Médico sanitarista e professor da Faculdade de Saúde Pública da Universidade de São Paulo (FSP-USP), Gonzalo Vecina Neto analisa em entrevista à RFI o anúncio da vacina russa Sputnik V contra a Covid-19, denuncia o "crime de lesa-humanidade" do governo brasileiro contra as "comunidades quilombolas e indígenas" e traça um painel da evolução da pandemia para os próximos meses no Brasil.

RFI: Qual é a sua opinião sobre o anúncio nesta terça-feira (11) do presidente russo, Vladimir Putin, da vacina "Sputnik V" contra a Covid-19?

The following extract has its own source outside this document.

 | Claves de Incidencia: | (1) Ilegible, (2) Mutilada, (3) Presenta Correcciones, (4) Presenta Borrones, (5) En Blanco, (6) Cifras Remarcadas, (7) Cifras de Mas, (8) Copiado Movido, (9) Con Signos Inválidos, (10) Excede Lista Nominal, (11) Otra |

Gonzalo Vecina Neto: Um medicamento é utilizado para tratar pessoas doentes. Uma vacina é utilizada em pessoas sãs. Então os cuidados para se aprovar uma vacina são muito mais exigentes do que aqueles para aprovar um medicamento. Um dos cuidados fundamentais é que os dados produzidos sobre investigações têm que ser colocados à disposição da comunidade científica para serem criticados. No caso da vacina da Rússia, nenhum desses cuidados foi tomado. Ela está sub-júdice até que os dados produzidos durante a fase de pesquisa clínica e na fase pré-clínica sejam divulgados e submetidos ao conhecimento científico. Se os russos vão aceitar essa vacina, o problema é deles. Fora da Rússia, muito dificilmente essa vacina será aceita. Nós sabemos qual o risco de se morrer de Covid, mas não sabemos qual o risco de se morrer de uma vacina cujo grau de segurança e eficácia desconhecemos.

Segurança do ponto de vista da transparência dos protocolos de pesquisa?

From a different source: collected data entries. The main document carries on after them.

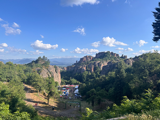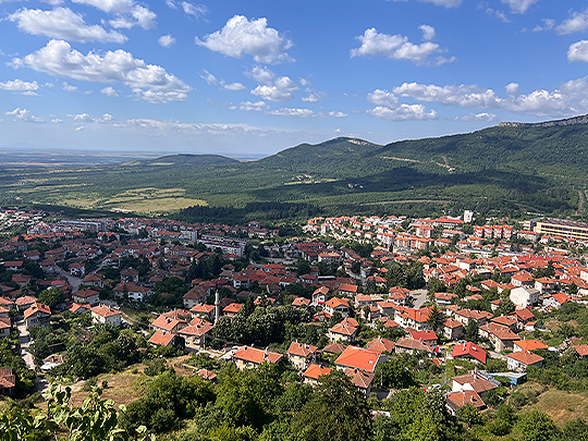 急な階段を何段もあがり、岩を登っていきます。昔は、現在のような鉄製の階段や手すりが設置されていなかったそうです。登り切った頂上からは、面白い形の岩が切り立っている姿や町を眺めることができます。山が延々と続いているバルカン山脈を目の前にし、この山々が黒海まで続いていくのかと海に思いをはせました。この山脈の反対側は、セルビアの国境を越えて続いています。
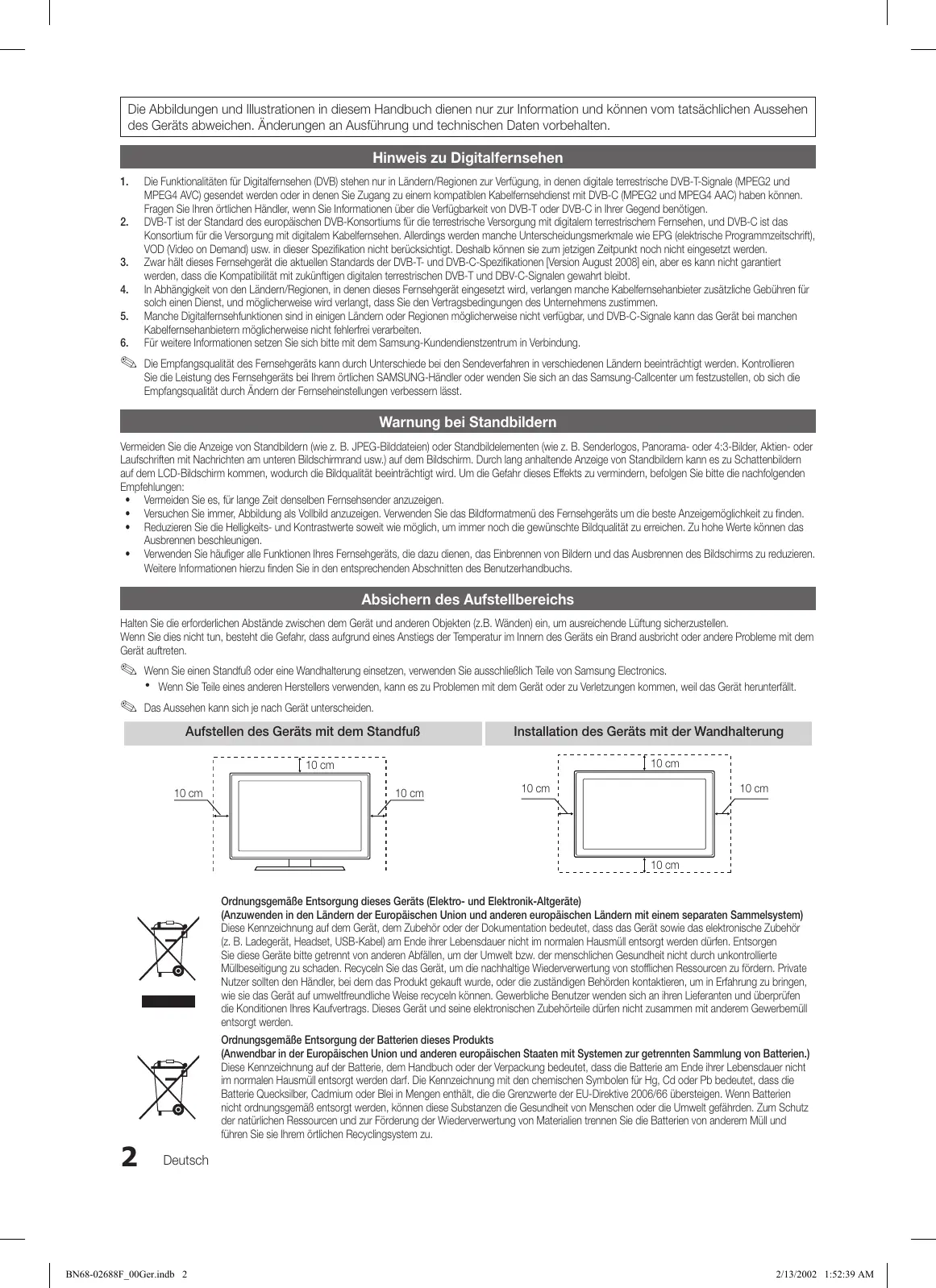 Ordnungsgemäße Entsorgung der Batterien dieses Produkts (Anwendbar in der Europäischen Union und anderen europäischen Staaten mit Systemen zur getrennten Sammlung von Batterien.) Diese Kennzeichnung auf der Batterie, dem Handbuch oder der Verpackung bedeutet, dass die Batterie am Ende ihrer Lebensdauer nicht im normalen Hausmüll entsorgt werden darf. Die Kennzeichnung mit den chemischen Symbolen für Hg, Cd oder Pb bedeutet, dass die Batterie Quecksilber, Cadmium oder Blei in Mengen enthält, die die Grenzwerte der EU-Direktive 2006/66 übersteigen. Wenn Batterien nicht ordnungsgemäß entsorgt werden, können diese Substanzen die Gesundheit von Menschen oder die Umwelt gefährden. Zum Schutz der natürlichen Ressourcen und zur Förderung der Wiederverwertung von Materialien trennen Sie die Batterien von anderem Müll und führen Sie sie Ihrem örtlichen Recyclingsystem zu. Deutsch BN68-02688F_00Ger.indb 2 2/13/2002 1:52:39 AM Inhalt Erste Schritte
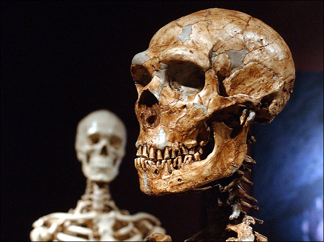 A reconstructed Neanderthal skeleton, right, and a modern human version of a skeleton are on display at the Museum of Natural History in New York. A new study says evidence in Gibraltar indicates that Neanderthals were still alive at least 2,000 years later than had been previously established.
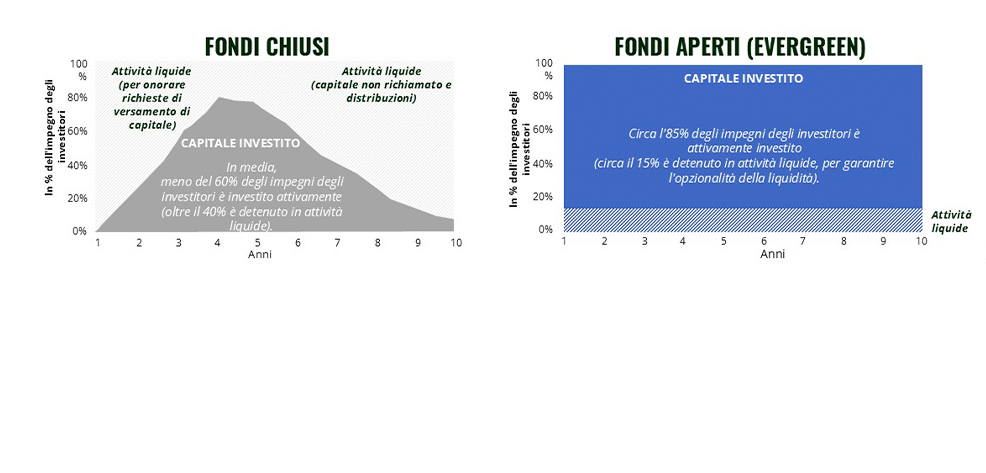 Con un fondo evergreen, il 100% del capitale viene richiamato fin dal primo giorno: gli investitori sono immediatamente esposti a un portafoglio di società private e possono beneficiare dell'apprezzamento degli investimenti già effettuati nel fondo.
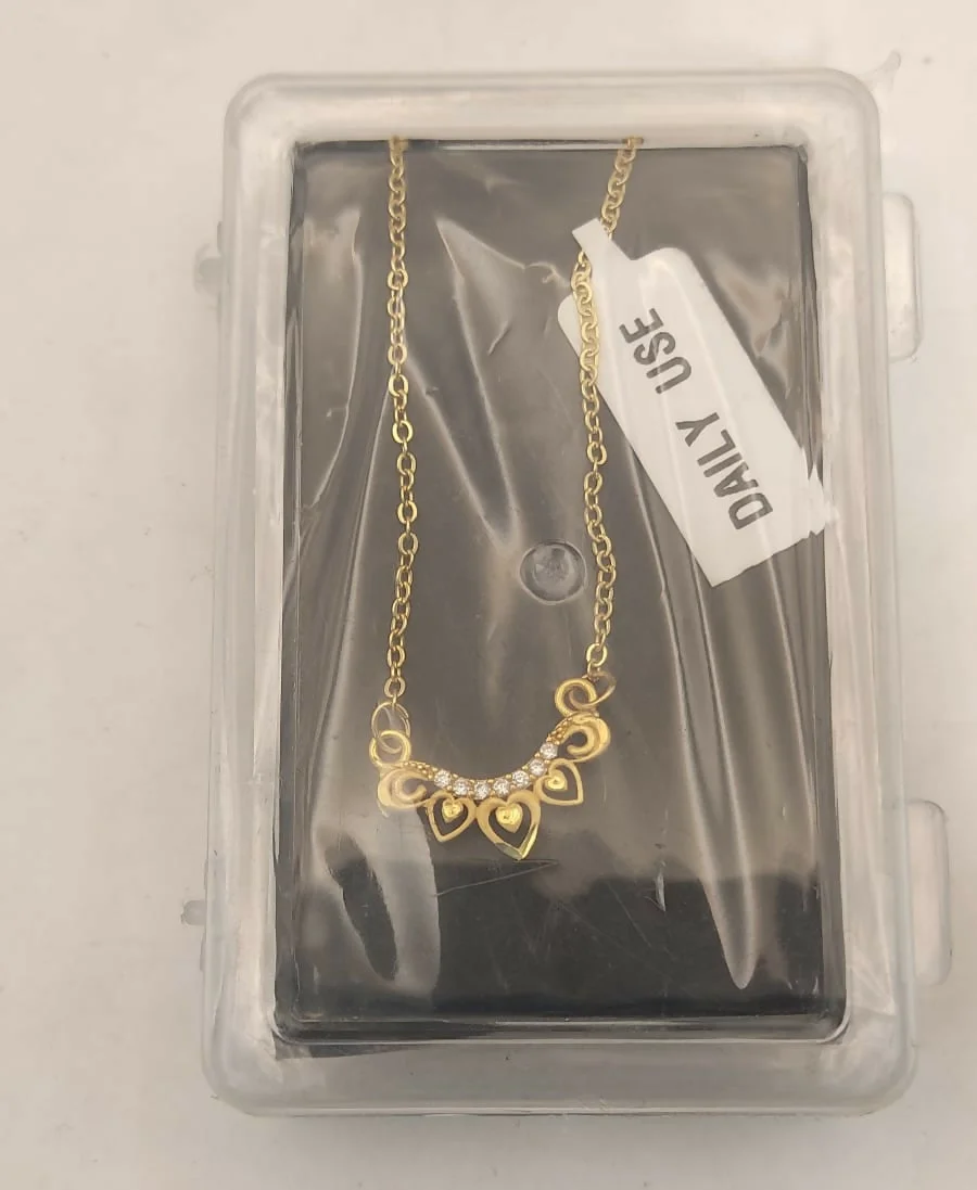 Celebrate love and elegance with this charming gold-plated necklace. The pendant features a beautiful, stylized design reminiscent of a miniature crown or a garland of hearts, making it a perfect symbol of affection and grace. This piece is ideal for gifting or adding a subtle touch of glamour to your daily ensemble.
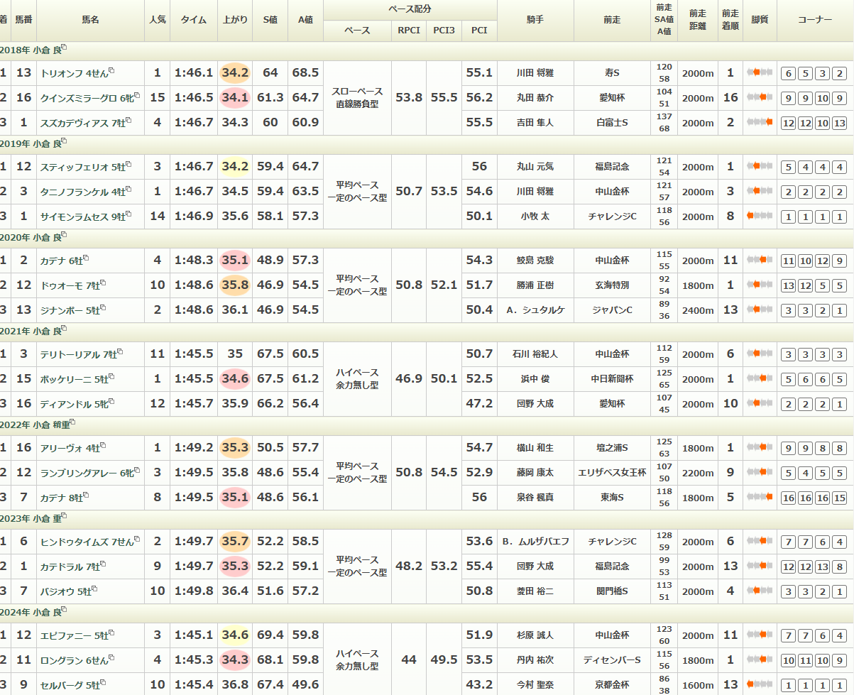 小倉の重賞は3回出走経験があり、2着1回4着2回と安定した成績。 後方からの競馬になるけれど上り最速タイムで走ることが出来るので展開が向き易そう。

No caso de um medicamento, é preciso conhecer quais são os efeitos colaterais que ele produz. Não existe medicamento sem efeitos colaterais. Fui presidente e criador da Anvisa, a agência nacional de vigilância sanitária do Brasil. Uma vacina tem que ser, antes de qualquer coisa, segura. Isso tem que ser demonstrado. Ela não pode ter efeitos colaterais que sejam piores do que os efeitos produzidos pela doença. Nós estamos falando de uma doença, a Covid-19, que tem uma letalidade relativamente baixa. Ela tem um impacto muito grande na sociedade porque tem uma capacidade de transmissibilidade muito grande. Os testes de segurança da vacina russa são desconhecidos. Enquanto não conhecermos os testes de segurança, não dá para assumir a vacina russa.

A imprensa brasileira chegou a mencionar possíveis parcerias do Brasil para fabricar a vacina russa...

Até onde eu sei, a Fundação Oswaldo Cruz não tem nenhum interesse em se comprometer com essa vacina. O Instituto Butantan já divulgou que não vai produzir a vacina russa. Nós temos duas fábricas de vacinas estatais no país, o Butantã e a Fundação Oswaldo Cruz. Não existe outra fábrica com essa capacidade no Brasil. E a iniciativa privada não tem tradição de produzir vacinas aqui. Nenhuma fábrica nacional ou internacional instalada no Brasil tem capacidade de produção de vacina.

O que se sabe de fato sobre a vacina russa?

Apenas o que permitiram que fosse publicado. Ela foi testada em militares russos voluntários e mais nada... Sabemos que esses militares ficaram confinados e que, ao final dos testes, saíram "todos vivos e andando", há fotos que mostram... Temos que ter muito cuidado ao criticar qualquer coisa nestes tempos de Covid, que são muito complexos, mas temos que ser rigorosos. 

O Brasil ultrapassou recentemente o marco dos 100.000 mortos. Como você vê esse momento brasileiro, num contexto de pandemia?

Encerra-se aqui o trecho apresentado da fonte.